Because of their Acts of the Apostless of hubris, Creon and Oedipus are both punished badly. They lose everything they love and all they value. They finally see the mistake of their ways, but by the clip they do it is already excessively late. Oedipus finds out that he is the individual who killed his male parent. He discovers that he is married to his female parent and that he has had kids with her. Once Oedipus finds out these hideous secrets of his life, he can non bear to look upon another life psyche. He rushes into Jocasta s sleeping room and takes two long gold pins ( 237 ) . He so digs them down into his sockets ( 237 ) . This act of self mutilation is Oedipus s penalty. He is turned from an chesty swayer into a low blind adult male in the wink of an oculus. This is how the Gods punished him. They gave him all the heartaches in the universe that you can call ( 237 ) Creon receives a really similar penalty. He excessively, loses wholly he deems valuable in the universe. Creon will non let Haemon to get married Antigone. He condemns their matrimony and greatly distresses his boy, Haemon. As a consequence of Creon s actions, Haemon commits self-destruction, his blood spilled by his really manus ( 120 ) . Eurydice, Creons s married woman, besides kills herself. She is so wracked with anguish by Haemon s self-destruction, that she stabbed herself at the communion table ( 126 ) . Creon murdered his boy and his married woman. ( 127 ) . He has nowhere to tilt to for support ( 127 ) and no-one to look to ( 127 ) . The chorus sums up his and Oedipus s destiny when they say The mighty words of the proud are paid in full with mighty blows of destiny, and at long last those blows will learn us wisdom ( 128 )
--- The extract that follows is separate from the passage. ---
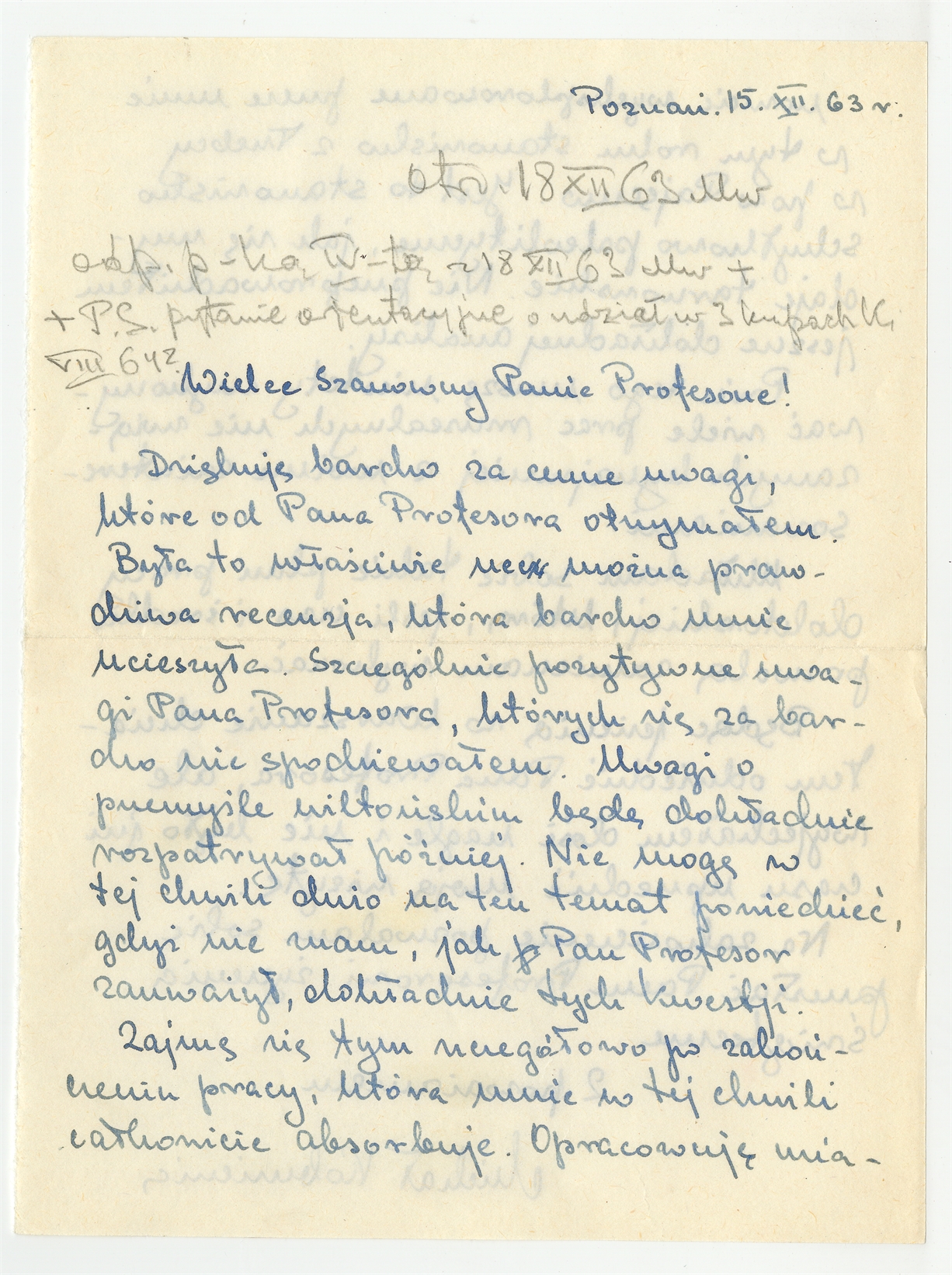 Rękopis - list Michała Kobusiewicza do Stefana Krukowskiego z dnia 15 XII [19]63 roku

Creon and Oedipus were evidently really similar people. They both rose through opportunity and circumstance and they both fell because of their flashiness and hubris. Creon started off as a really different individual to Oedipus. But one time he became male monarch, he instantly became an about indistinguishable individual to Oedipus. He was roseola, unthinking and uncaring. This resulted in his ruin merely as it caused Oedipus.